▼▼▼

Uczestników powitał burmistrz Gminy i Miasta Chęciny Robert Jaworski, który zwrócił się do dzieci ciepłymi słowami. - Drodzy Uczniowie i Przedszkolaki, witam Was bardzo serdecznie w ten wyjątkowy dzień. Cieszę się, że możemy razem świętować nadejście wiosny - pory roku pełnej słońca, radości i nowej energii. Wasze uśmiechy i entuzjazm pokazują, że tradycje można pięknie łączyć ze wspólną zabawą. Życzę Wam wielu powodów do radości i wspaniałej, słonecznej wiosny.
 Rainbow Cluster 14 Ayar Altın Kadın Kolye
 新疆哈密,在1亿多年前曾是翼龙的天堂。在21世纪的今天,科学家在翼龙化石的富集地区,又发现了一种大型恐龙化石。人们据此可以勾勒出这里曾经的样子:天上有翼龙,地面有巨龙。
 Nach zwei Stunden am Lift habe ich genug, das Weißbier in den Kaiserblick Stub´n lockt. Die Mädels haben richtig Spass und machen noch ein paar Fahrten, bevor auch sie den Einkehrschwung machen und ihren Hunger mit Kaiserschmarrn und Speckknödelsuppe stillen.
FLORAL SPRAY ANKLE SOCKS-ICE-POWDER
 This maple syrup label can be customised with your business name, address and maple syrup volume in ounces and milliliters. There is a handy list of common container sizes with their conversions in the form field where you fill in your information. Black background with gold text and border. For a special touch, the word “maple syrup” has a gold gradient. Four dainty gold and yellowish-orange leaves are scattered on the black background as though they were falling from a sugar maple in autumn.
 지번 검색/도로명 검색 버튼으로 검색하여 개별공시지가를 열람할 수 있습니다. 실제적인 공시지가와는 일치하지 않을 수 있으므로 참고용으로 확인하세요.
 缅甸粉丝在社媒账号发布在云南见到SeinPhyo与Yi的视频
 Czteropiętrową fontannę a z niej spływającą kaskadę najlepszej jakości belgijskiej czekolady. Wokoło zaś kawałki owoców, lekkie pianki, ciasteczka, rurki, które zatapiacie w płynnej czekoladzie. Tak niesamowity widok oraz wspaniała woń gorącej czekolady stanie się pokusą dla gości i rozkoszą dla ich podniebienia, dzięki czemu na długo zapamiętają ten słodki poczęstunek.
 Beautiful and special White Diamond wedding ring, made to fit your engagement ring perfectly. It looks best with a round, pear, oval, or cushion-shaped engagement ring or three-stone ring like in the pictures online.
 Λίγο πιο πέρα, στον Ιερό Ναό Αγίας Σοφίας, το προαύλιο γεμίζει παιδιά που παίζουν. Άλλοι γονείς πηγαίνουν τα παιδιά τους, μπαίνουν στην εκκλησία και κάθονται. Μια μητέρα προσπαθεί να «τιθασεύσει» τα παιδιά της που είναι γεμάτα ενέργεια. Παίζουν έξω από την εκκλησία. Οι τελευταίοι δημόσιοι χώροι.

▲▲▲

■ **Task brief**
Go back to the data above and please quote exactly, and only, the lines from the line with "Czteropiętrową fontannę a" through its last line.

■ **Task output**
 Czteropiętrową fontannę a z niej spływającą kaskadę najlepszej jakości belgijskiej czekolady. Wokoło zaś kawałki owoców, lekkie pianki, ciasteczka, rurki, które zatapiacie w płynnej czekoladzie. Tak niesamowity widok oraz wspaniała woń gorącej czekolady stanie się pokusą dla gości i rozkoszą dla ich podniebienia, dzięki czemu na długo zapamiętają ten słodki poczęstunek.
 Beautiful and special White Diamond wedding ring, made to fit your engagement ring perfectly. It looks best with a round, pear, oval, or cushion-shaped engagement ring or three-stone ring like in the pictures online.
 Λίγο πιο πέρα, στον Ιερό Ναό Αγίας Σοφίας, το προαύλιο γεμίζει παιδιά που παίζουν. Άλλοι γονείς πηγαίνουν τα παιδιά τους, μπαίνουν στην εκκλησία και κάθονται. Μια μητέρα προσπαθεί να «τιθασεύσει» τα παιδιά της που είναι γεμάτα ενέργεια. Παίζουν έξω από την εκκλησία. Οι τελευταίοι δημόσιοι χώροι.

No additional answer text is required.